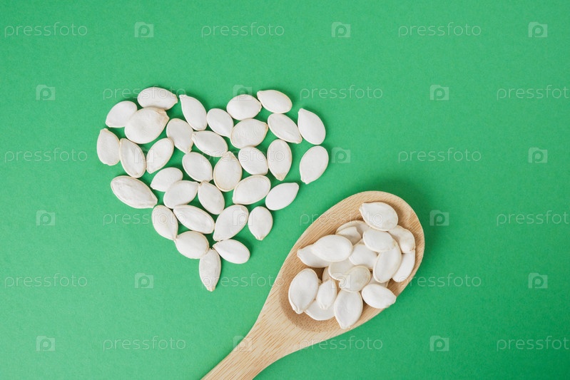 Форма сердца из тыквенных семечек на зеленом фоне
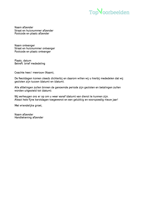 daarom willen wij u hierbij mededelen dat wij gesloten zijn tussen (datum) en
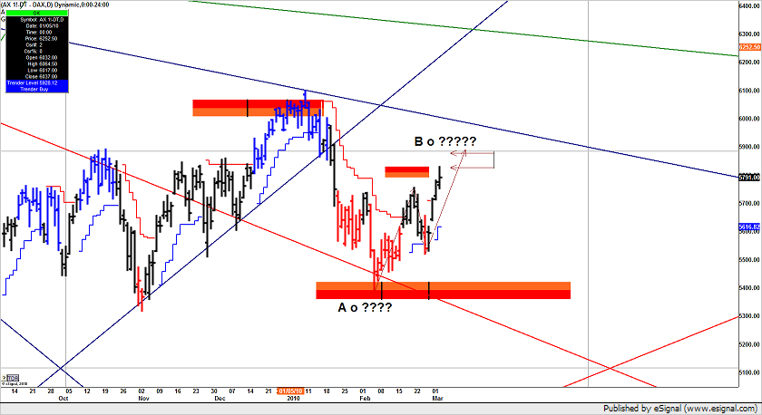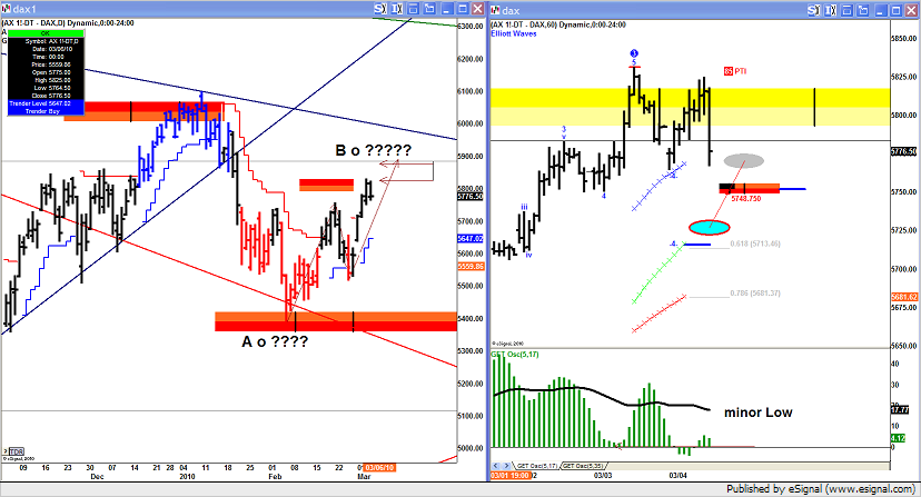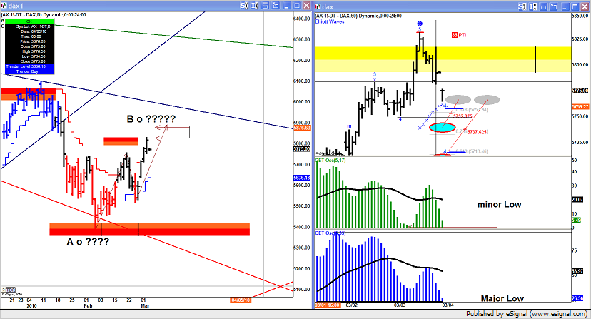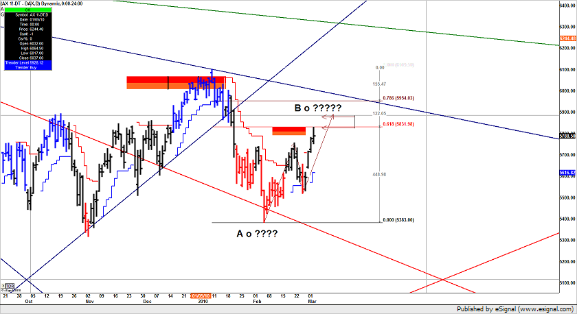 B – sopra 5900 e sopra 1.38 di Euro dobbiamo seriamente pensare a qualcosa di diverso; nel qual caso non si fermerà fino a 6120 ovvero a 1.618 del primo movimento che corrisponde al precedente MAX. In questo caso l'Euro dovrebbe avere un comportamento impulsivo e il Dax altrettanto ….
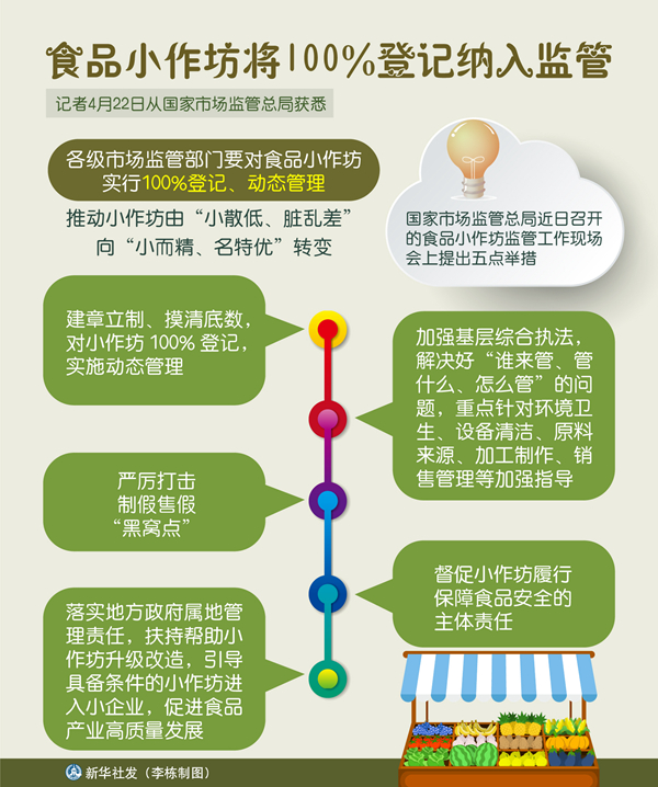 新華社北京4月22日電(記者趙文君)記者22日從國家市場監(jiān)管總局獲悉,各級市場監(jiān)管部門要對食品小作坊實(shí)行100%登記、動(dòng)態(tài)管理,推動(dòng)小作坊由“小散低、臟亂差”向“小而精、名特優(yōu)”轉(zhuǎn)變。

########

> **Assignment**: Would you return the whole listing above exactly as written, skipping any image?

> **Task result**:
 Форма сердца из тыквенных семечек на зеленом фоне
 daarom willen wij u hierbij mededelen dat wij gesloten zijn tussen (datum) en
 B – sopra 5900 e sopra 1.38 di Euro dobbiamo seriamente pensare a qualcosa di diverso; nel qual caso non si fermerà fino a 6120 ovvero a 1.618 del primo movimento che corrisponde al precedente MAX. In questo caso l'Euro dovrebbe avere un comportamento impulsivo e il Dax altrettanto ….
 新華社北京4月22日電(記者趙文君)記者22日從國家市場監(jiān)管總局獲悉,各級市場監(jiān)管部門要對食品小作坊實(shí)行100%登記、動(dòng)態(tài)管理,推動(dòng)小作坊由“小散低、臟亂差”向“小而精、名特優(yōu)”轉(zhuǎn)變。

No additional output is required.